5. A Cashless Society is a Globalist's Wet Dream

"Communism is Soviet power plus the electrification of the whole country." -Vladimir Lenin

The use of the above quote, while provocative, is not a demonization of BitCoin itself; it is, however, a technocratic aim of globalism that deserves to be discussed seriously with regard to crypto-currencies. The implementation of technocracy is a long-standing goal of the global power "elite," and a cashless society is a necessary predicate to these technocratic aims. While BitCoin and the "digitized" dollar both facilitate control of transactions at the flip of a switch, only a 100% digital currency is a foolproof system of economic control. The nature of the BitCoin block chain itself addresses some of these concerns, but not the proverbial elephant in the room: The folks who make the computing devices on which BitCoin is transacted, from cell phones to RFID chips to desktops, are under the complete control of the Corporatocracy... just as the Rockefeller family wants it.

 

In Closing

Despite all of these concerns and vehement detractors, crypto-currencies are here to stay.
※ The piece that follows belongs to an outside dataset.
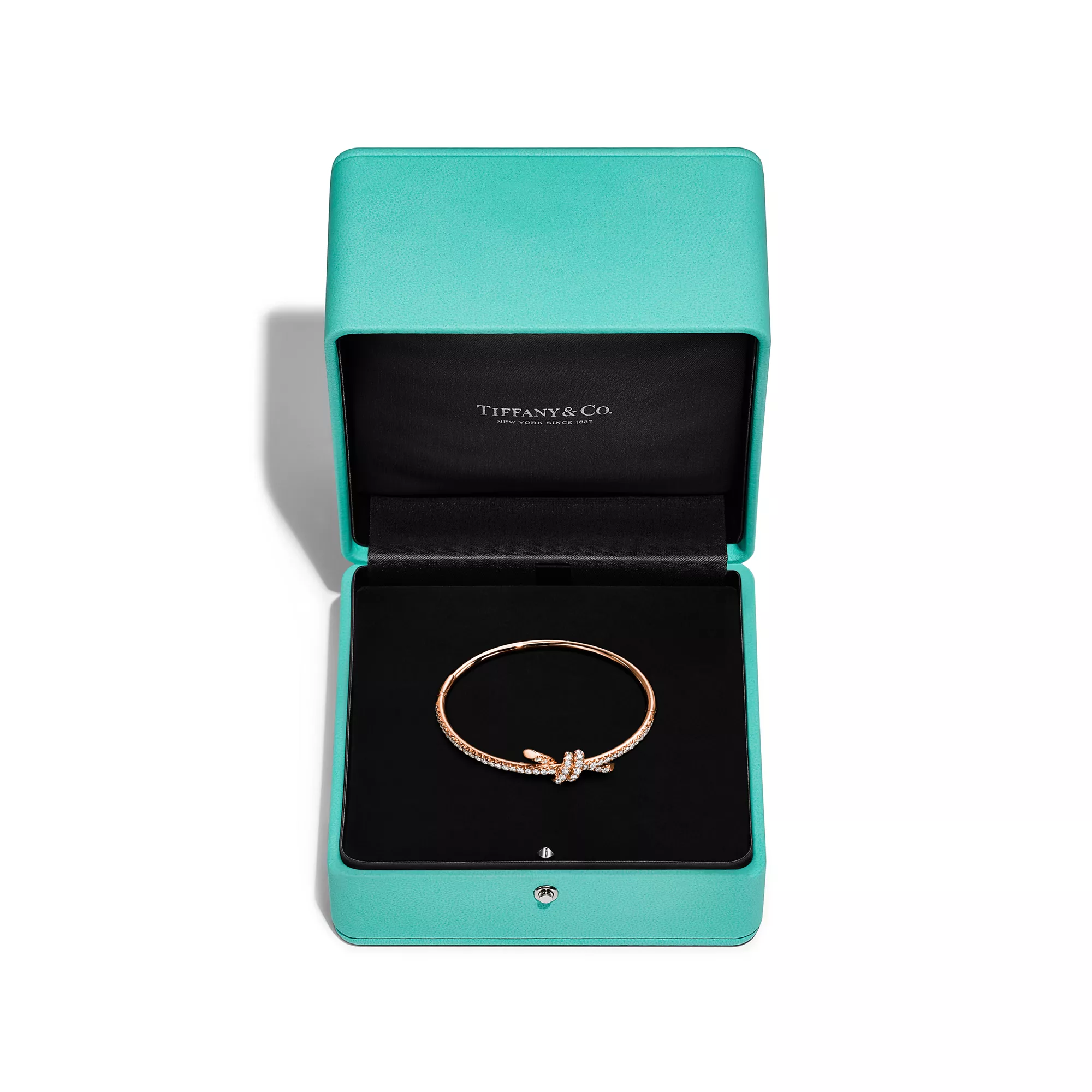 La collezione Knot by Tiffany è l’espressione del potere indissolubile dell’amore. Ispirata a un design d’archivio del 1889, la collezione Knot by Tiffany è il simbolo dei legami della vita che durano nel tempo e delle relazioni importanti. Questo bracciale in oro rosa è stato lucidato a mano per farlo risplendere in modo straordinario. Ogni diamante taglio brillante, scelto con cura per soddisfare gli elevati standard di Tiffany, è incastonato a mano con un’angolazione precisa per esaltarne al massimo la luminosità. Indossa questo bracciale da solo o insieme a modelli classici per creare un abbinamento originale.

I beg not only the question of BitCoin's relative ease of control by The Powers That Shouldn't Be, but a more fundamental question, as well: In a truly free society in which digital currencies couldn't be eliminated as competition by the gun of the State, would BitCoin and other non-asset based crypto-currencies go the way of the Dodo in the wake of encrypted commodity-backed currencies? The potential for not only gold and silver to be used in such a manner, but a wide basket of commodities, is certainly exciting, and Mother Earth's ability to usurp the block chain is a paradigm-shifting eventual development that will make even the most die-hard of BitCoin investors take a second look.